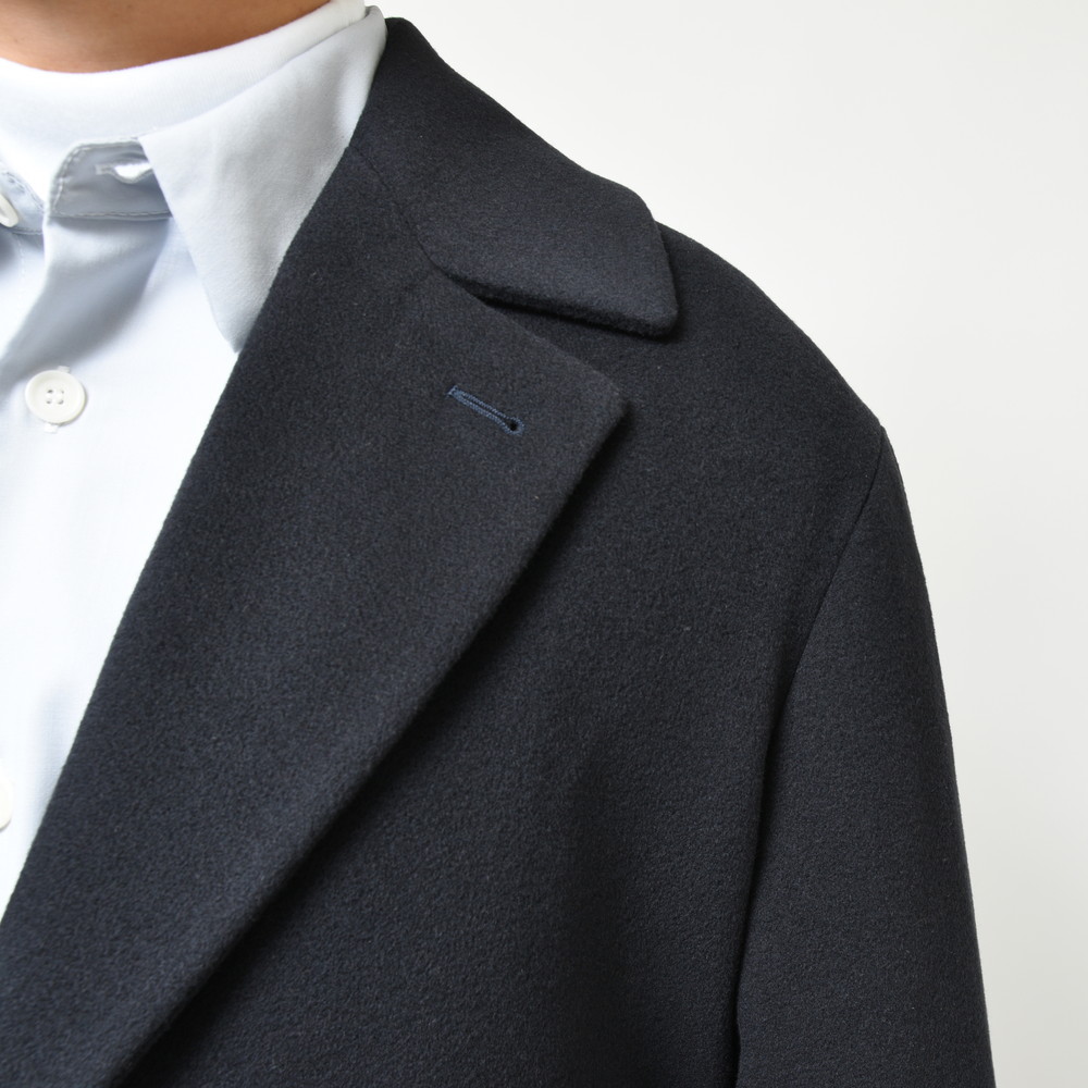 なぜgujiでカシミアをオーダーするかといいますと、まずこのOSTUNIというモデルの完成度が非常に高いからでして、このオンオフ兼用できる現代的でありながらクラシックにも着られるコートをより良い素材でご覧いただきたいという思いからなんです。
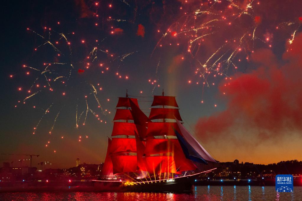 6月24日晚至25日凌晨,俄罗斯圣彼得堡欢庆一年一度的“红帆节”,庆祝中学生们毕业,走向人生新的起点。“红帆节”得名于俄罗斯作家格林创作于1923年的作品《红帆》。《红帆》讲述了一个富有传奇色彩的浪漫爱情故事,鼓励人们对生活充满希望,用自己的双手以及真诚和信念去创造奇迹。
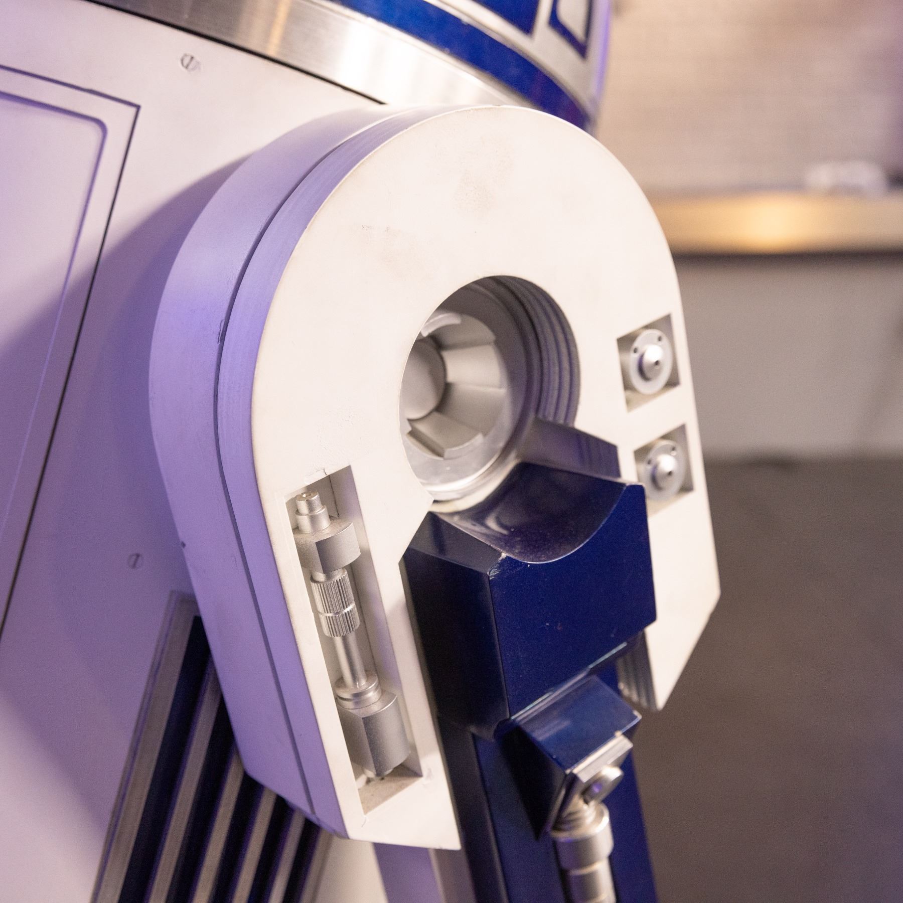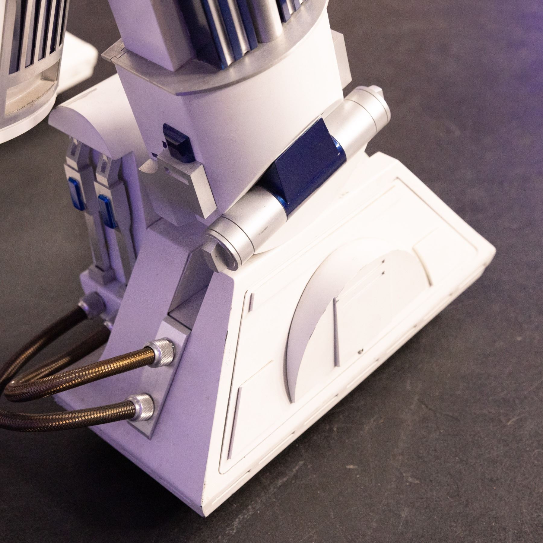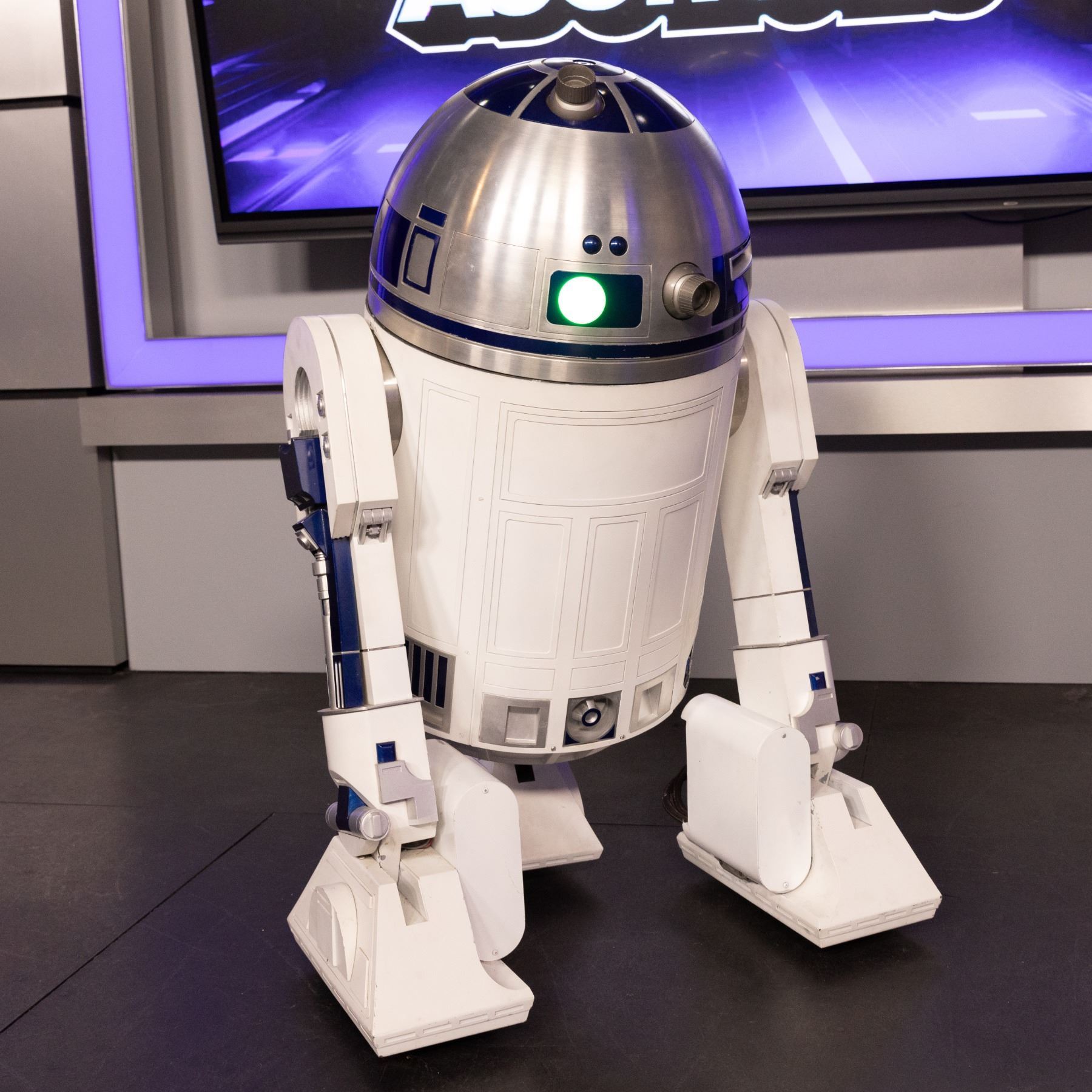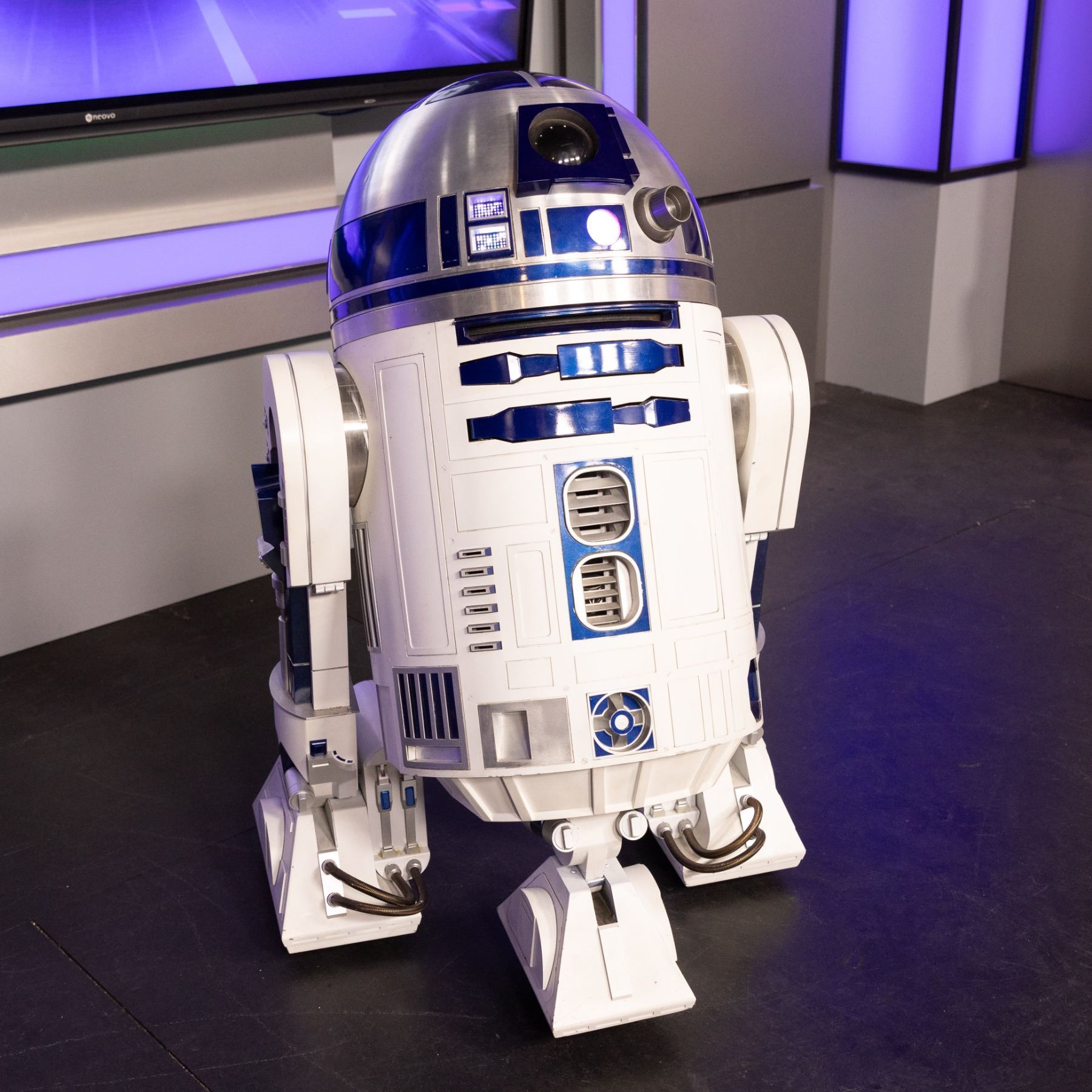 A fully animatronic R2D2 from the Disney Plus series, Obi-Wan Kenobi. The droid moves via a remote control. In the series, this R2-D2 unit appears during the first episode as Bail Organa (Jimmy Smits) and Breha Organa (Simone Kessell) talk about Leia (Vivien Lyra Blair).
...
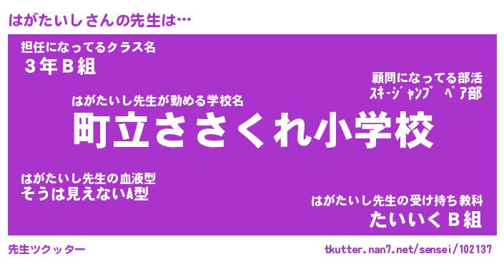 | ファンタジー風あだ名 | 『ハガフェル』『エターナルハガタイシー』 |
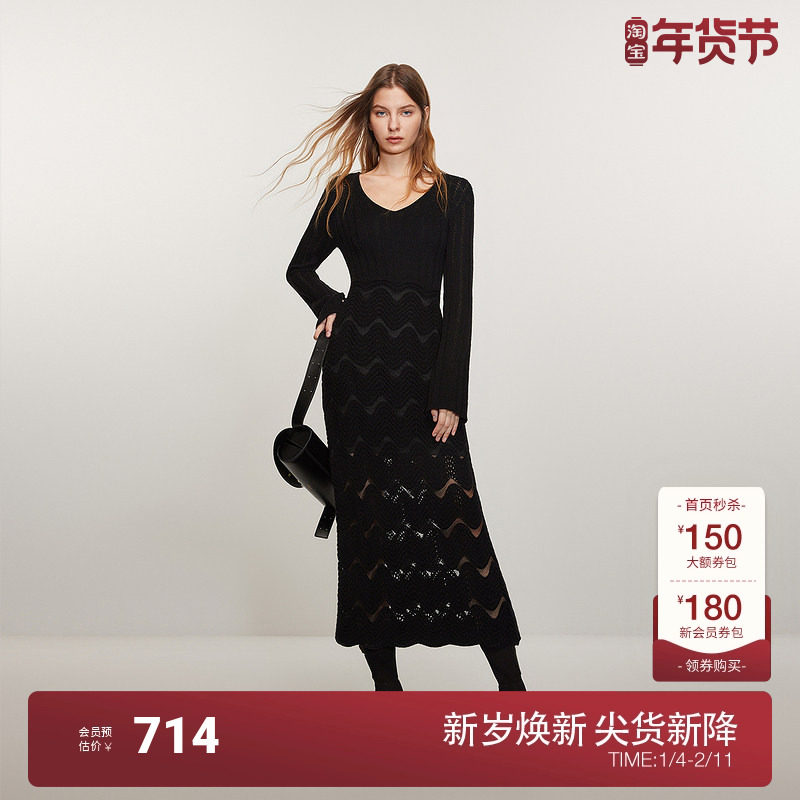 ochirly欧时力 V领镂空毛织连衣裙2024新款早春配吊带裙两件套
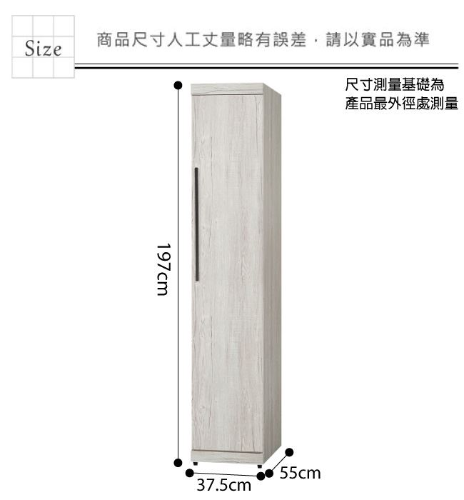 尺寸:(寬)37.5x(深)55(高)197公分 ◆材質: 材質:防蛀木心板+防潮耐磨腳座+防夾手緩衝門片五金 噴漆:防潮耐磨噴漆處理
...
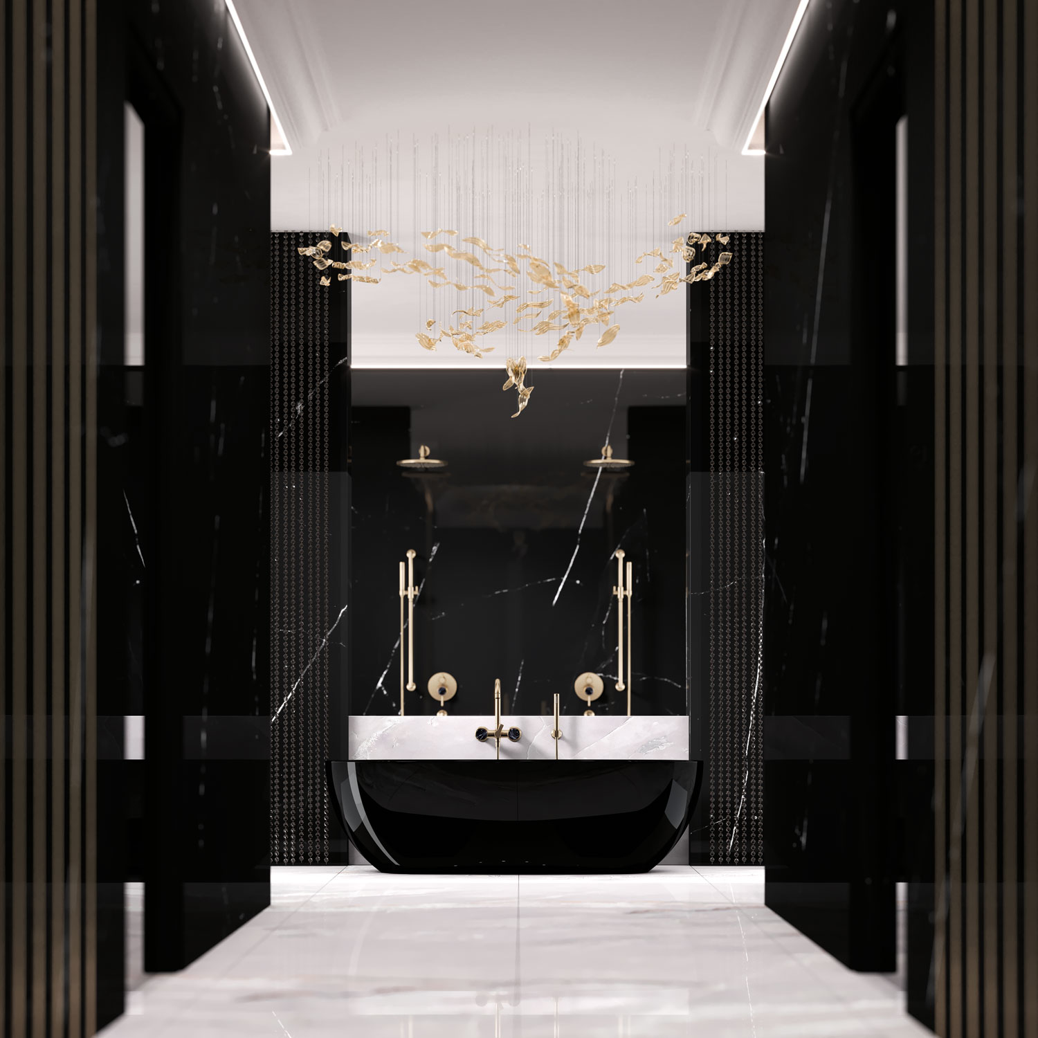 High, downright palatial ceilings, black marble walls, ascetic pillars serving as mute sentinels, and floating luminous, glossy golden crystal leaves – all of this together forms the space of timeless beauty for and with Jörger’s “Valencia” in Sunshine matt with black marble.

▶ [Exercise description]: Copy word for word the lines of the records above from the one with "なぜgujiでカシミアをオー" up to and including the one with "A fully animatronic". Skip the pictures.

▶ [Expected answer]:
 なぜgujiでカシミアをオーダーするかといいますと、まずこのOSTUNIというモデルの完成度が非常に高いからでして、このオンオフ兼用できる現代的でありながらクラシックにも着られるコートをより良い素材でご覧いただきたいという思いからなんです。
 6月24日晚至25日凌晨,俄罗斯圣彼得堡欢庆一年一度的“红帆节”,庆祝中学生们毕业,走向人生新的起点。“红帆节”得名于俄罗斯作家格林创作于1923年的作品《红帆》。《红帆》讲述了一个富有传奇色彩的浪漫爱情故事,鼓励人们对生活充满希望,用自己的双手以及真诚和信念去创造奇迹。
 A fully animatronic R2D2 from the Disney Plus series, Obi-Wan Kenobi. The droid moves via a remote control. In the series, this R2-D2 unit appears during the first episode as Bail Organa (Jimmy Smits) and Breha Organa (Simone Kessell) talk about Leia (Vivien Lyra Blair).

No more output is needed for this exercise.